Reading bootstrapping ML, Louis specified a research paper that we had to look into and read. The paper is entitled is Machine Learning that Matters (PDF) by Kiri Wagstaff from JPL and was put out in 2012. 

Kiri’s thesis is that the ML research community has lost its path. She indicates that a majority of machine learning is performed for the sake of machine learning. She highlights three critical problems. 

  • Over-concentrate on Benchmark Data: Concentrate on datasets in UCI repository, but very minimal have an influence within the field that is being tackled. She highlights the lack of standards with regards to experiment reproducibility which voided the leveraging of conventional datasets and the skew towards regression and classification problems. She makes the statements that leveraging the UCI repository is worse than leveraging synthetic data as we don’t even possess control over the how the data was developed. 
  • Over-concentrate on Abstract Metrics: A strong concentration on algorithm racing or bake-offs and the leveraging of generic metrics such as RMSE and F-measure that do not possess an overt meaning in the domain. 
  • Lacking follow-through: It is really simple to download datasets and execute algorithms in Weka. It is really difficult to go about interpreting the outcomes and relate them to the field, but that is what is needed to have an influence. 

The crux of the issue is that she details machine learning as three categories of activities and the “machine learning contribution” concentrates on algorithm selection and experiments ignoring problem definition and outcome interpretation. 

Change in Mindset 

Kiri indicates the research community requires to alter the method it formulates, attacks, and assesses machine learning research projects. She comments on three spheres to tackle: 

  • Meaningful evaluation strategies: Measure the overt impact of the machine learning system in the domain. For instance, dollars saved, lives preserved, time saved, or effort minimized. Choosing a overt impact measure will have a flow-on impact on the design of the experiment and the choosing of the data. 
  • Involvement of the outside world: Bring in domain specialists to give definition to the problem and data, and more critically leverage them to interpret the criticality of the outcomes within the domain. This is to stop the solving of problems of minimal significance (iris plant classification) and generate systems that are reliant and useful enough to be taken up in practice. 
  • Eyes on the prize: Choose research problems for their influence. Take up the status quo in the problem domain and detail the outcomes as a level of improvement above that status quo.
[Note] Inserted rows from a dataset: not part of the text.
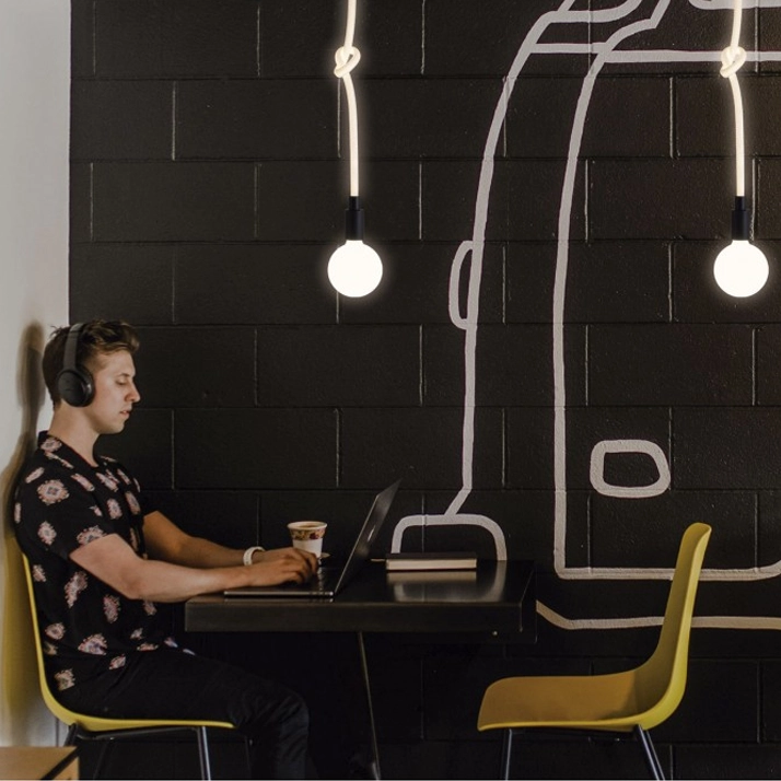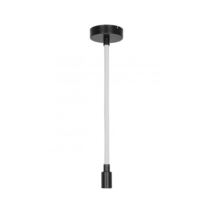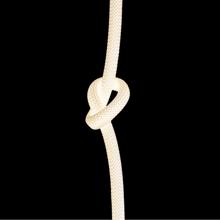 A sua estrutura principal é dominada pela cor Branca e pelo cabo têxtil com nó decorativo, fabricado em Metal e Acrílico. O candeeiro é equipado para uma lâmpada E27 LED (não incluída) na parte inferior, e inclui uma fonte de luz LED integrada de Potência de 11W no interior do “cabo” ou barra suspensa.
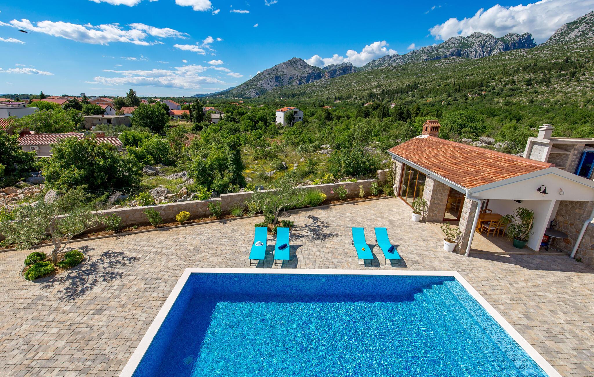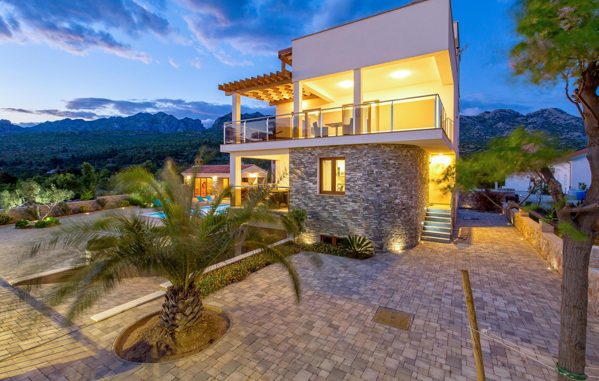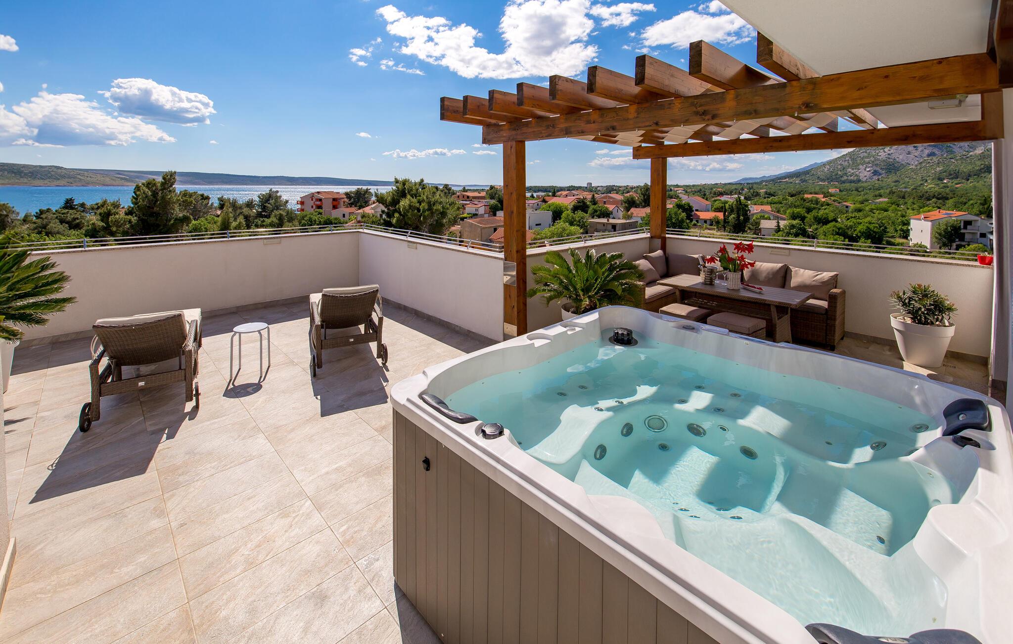 Dit rummelige feriehus ligger i Seline, et idyllisk sted ved foden af ??de majestætiske Velebit-bjerge. Start dagen afslappet med en familiemorgenmad ved det smukke træspisebord med udsigt over haven eller ved et af bordene udenfor og diskuter jeres planer for dagen i fred. Forkæl jer selv med et afslappende solbad ved poolen og lad jeres blik vandre over det smukke landskab og det nærliggende hav. Svøm et par længder i ny og næ og nyd det forfriskende vand. Ren afslapning er også dagens orden i spabadet på terrassen på øverste etage og i den interne sauna.
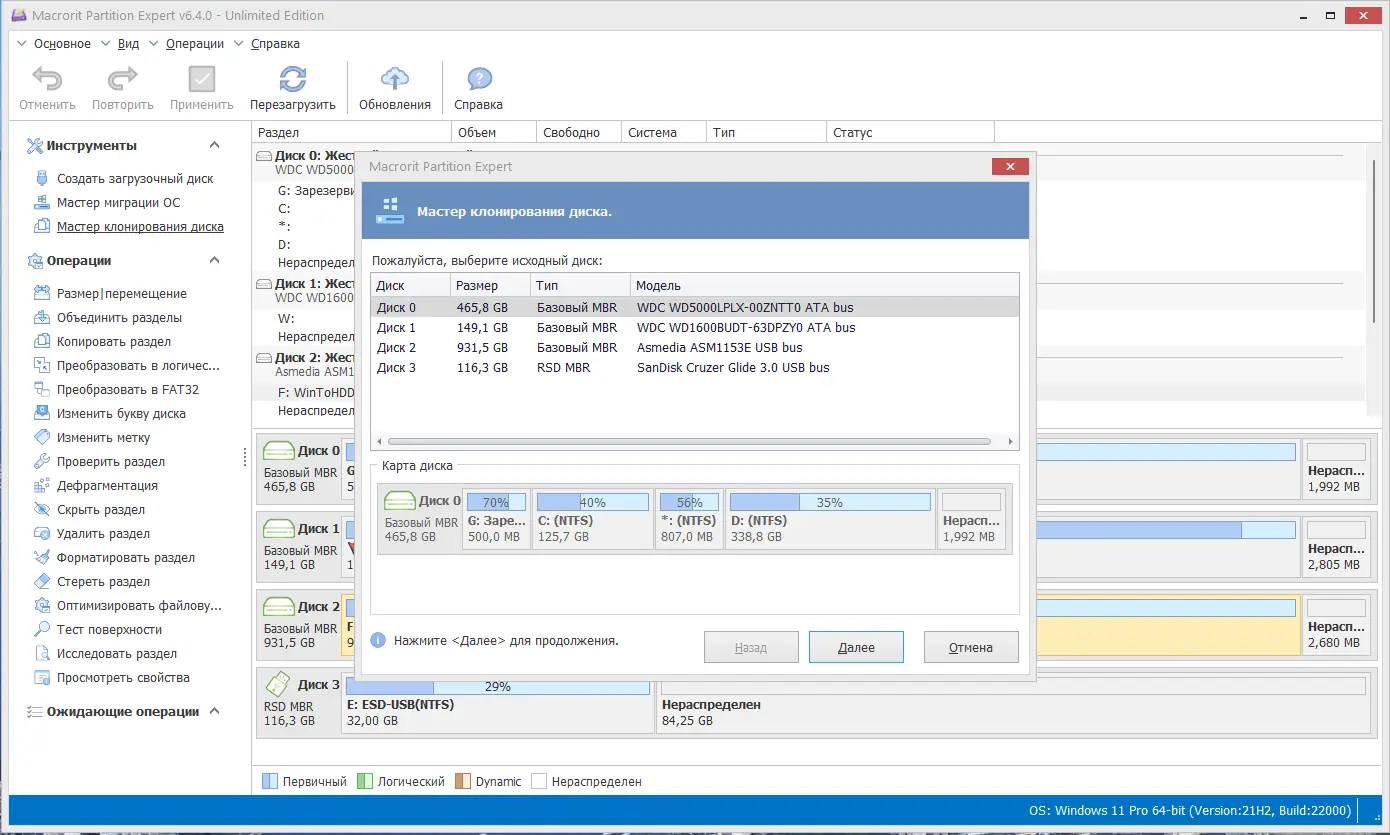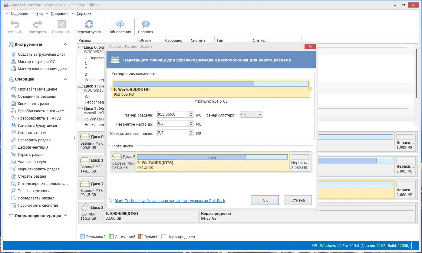 Также программа поддерживает работу с дисками объемом свыше 2 Тб, а благодаря совместимости с системами Windows 7, 8/8.1, 10 и 11, она подходит для различных конфигураций компьютеров на архитектуре x32 и x64 Bit. Возможности полной автоматизации и контроля процесса позволяют выполнять задачи быстро и без ошибок, а автоматическая оптимизация дискового пространства обеспечивает максимальную производительность системы.
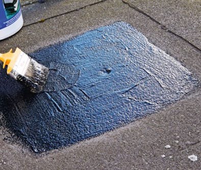 Området omkring hullet smøres med et tykt lag tagmasse. Børst grundigt mindst 15 cm på alle sider af hullet, før du pensler massen ud.
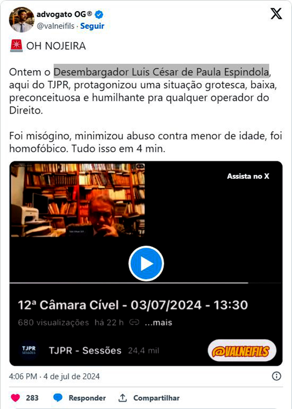O desembargador Luís César de Paula Espíndola, condenado pelo Superior Tribunal de Justiça (STJ), em 2023, por violência doméstica, disse, durante uma audiência na última quarta-feira (3), que “as mulheres estão loucas atrás de homens”. As informações foram divulgadas pelo jornalista Guilherme Amado, em sua coluna no Metrópoles.
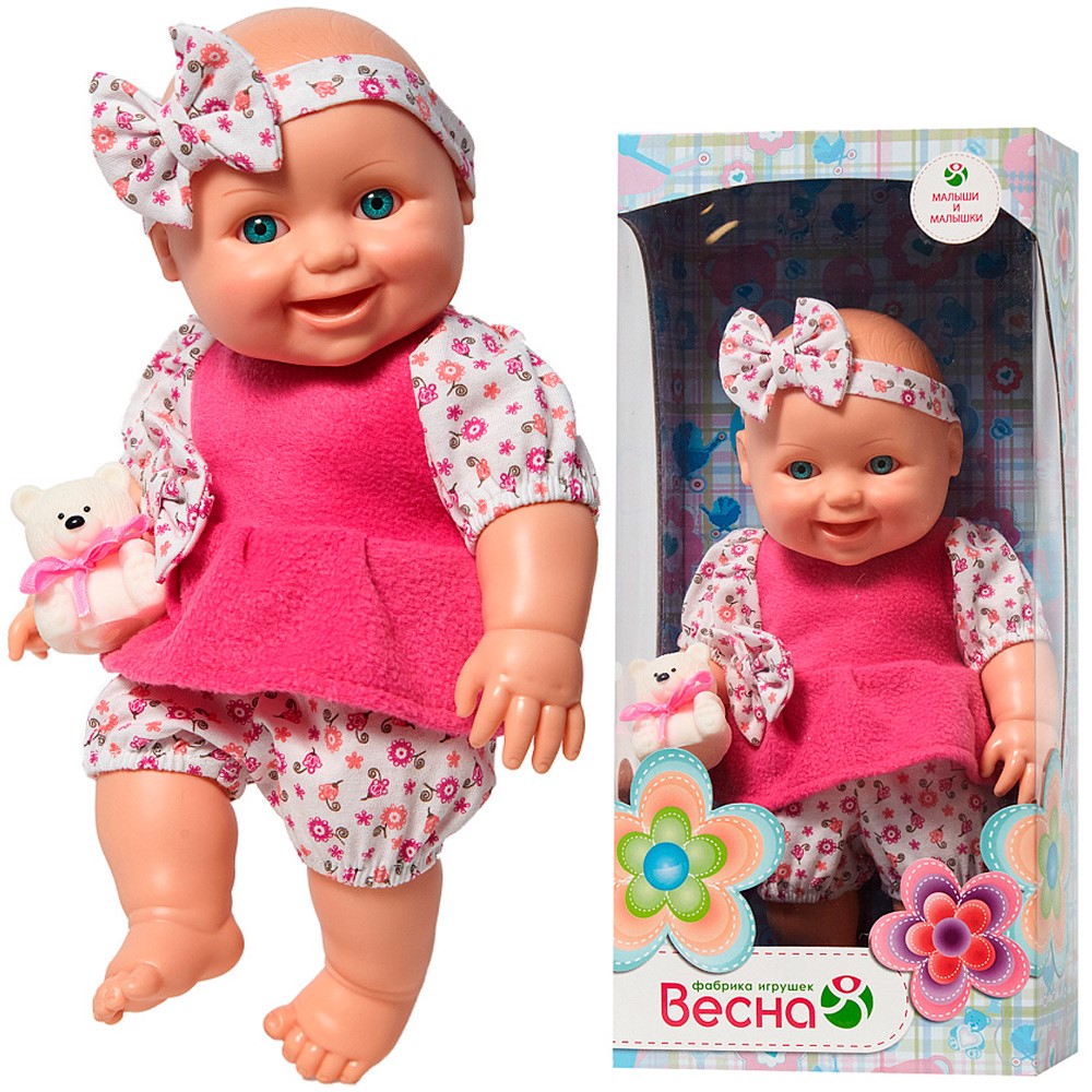 Высота игрушки: 300мм Малышка с мишуткой - милый и обаятельный карапуз. Игры с таким пупсом помогут сформировать у вашего ребёнка чувство ответственности, навыки заботы о младших. Малышку так и хочется взять на ручки и позаботиться о ней.

Engage the community and motivate them by compelling adoption. 

Open Challenges 

Kiri throws down the gauntlet and highlights six problems as instances of research projects where machine learning could make a difference. 

1] A law passed or legal decision made that is reliant on the outcome of an ML analysis. 

2] $100 million saved via enhanced decision making furnished by an ML system. 

3] A conflict amongst nations prevented via high-quality translation furnished by an ML system. 

4] A 50% reduction in cybersecurity break-ins via machine learning defences. 

5] A human being’s life saved via a diagnosis or intervention recommended by an ML system. 

6] Enhancement of 10% in one nation’s Human Development Index (HDI) attributable to a machine learning system. 

She intentionally let the problems open to avert indicating a single problem or technical capability. Actual challenges are tough. There are instances which intend to inspire instead of a comprehensive and prioritized a listing of problems to operate on. 

Lastly, Kiri completes with a comment on the hurdles that may be in the way of efficiently addressing research problems that make a difference. 

Jargon: The over-leveraging of machine learning nomenclature which is a good shorthand in the domain but essentially impenetrable outside of the domain. More general language is required when targeting a wider audience. 

Risk: When a machine learning framework is making decisions of consequence, who is accountable when it commits errors? Who upkeeps the system moving forward? We cannot help but have the feeling that civil engineering and the safety critical manufacturing industries have operated through similar problems. 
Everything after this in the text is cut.